- Film poster
- Directed by: Ken Sanzel
- Written by: Ken Sanzel
- Produced by: Gary Preisler; Eric Brenner;
- Starring: Ryan Kwanten; Freida Pinto; Carolina Gómez; Mickey Rourke;
- Cinematography: Paulo Perez
- Edited by: Matt Mayer
- Music by: Darren Jackson
- Production companies: ETA Films; Global Film Partners; Monogram Entertainment;
- Distributed by: Voltage Pictures
- Release date: July 20, 2015 (Los Angeles);
- Running time: 97 minutes
- Countries: United States; Colombia;
- Language: English

= Blunt Force Trauma (film) =

2015 film by Ken Sanzel

Blunt Force Trauma is a 2015 American-Colombian neo-Western action film written and directed by Ken Sanzel. It stars Ryan Kwanten, Freida Pinto, Carolina Gómez, and Mickey Rourke.

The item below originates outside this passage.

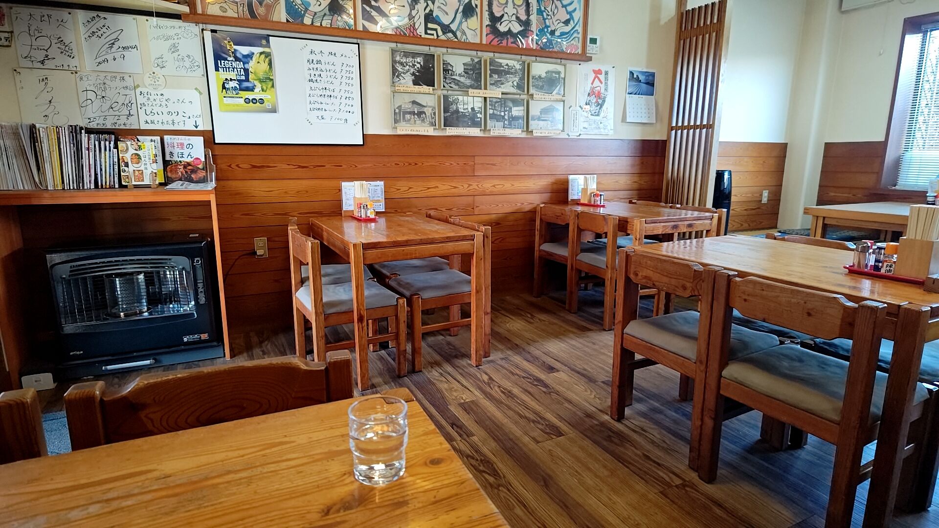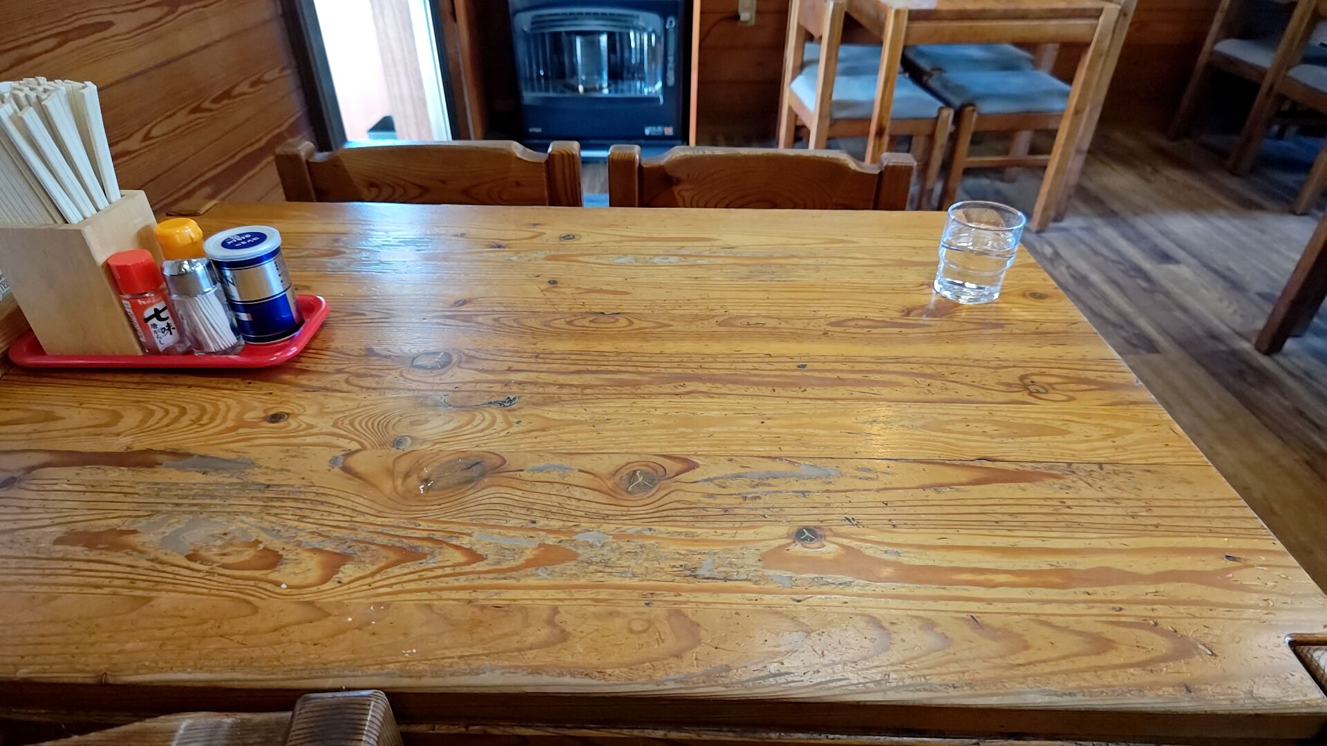年季の入ったテーブルが良いし落ち着くわ。

The film premiered in Los Angeles on July 20, 2015, before being released on DVD and Blu-ray on October 6, 2015.

==Premise==
Pinto plays a woman looking for her brother's killer. The film is based on a banned shooting game, revolving around duelists using kevlar vests. The rules are that one may not aim for lethal shots, and that should one fall out of a predesignated ring in which each contestant is standing, they lose. You may also tap out, similar to other combat sports.

==Cast==
- Ryan Kwanten as John
- Freida Pinto as Colt
- Carolina Gómez as Marla
- Mickey Rourke as Zorringer
- Christian Tappan as Emmet
- Maruia Shelton as Wesley
- John Alex Castillo as Bernie
- Herbert King as Walton
- Jason Gibson as Huey
- Andrés Suárez as Mendez
- Rubén Zamora as Silva
- Daniel Abril as Rodrigo
- Silvia De Dios as Doctor
- Carmenza Cossio as Roxanne
- Jon Mack as Reggie
- Steven Galarce as Arch
- Victor Gomez as Toby
- Tatiana Ronderos as Sandra

==Production==
Principal photography was done entirely in Bogotá, Colombia in 2014. In North America, Alchemy is the film's distributor. It competed in the Woodstock Film Festival and the Montreal World Film Festival.

==Reception==
John DeFore of The Hollywood Reporter criticized the film, stating that it "takes itself much more seriously than viewers will."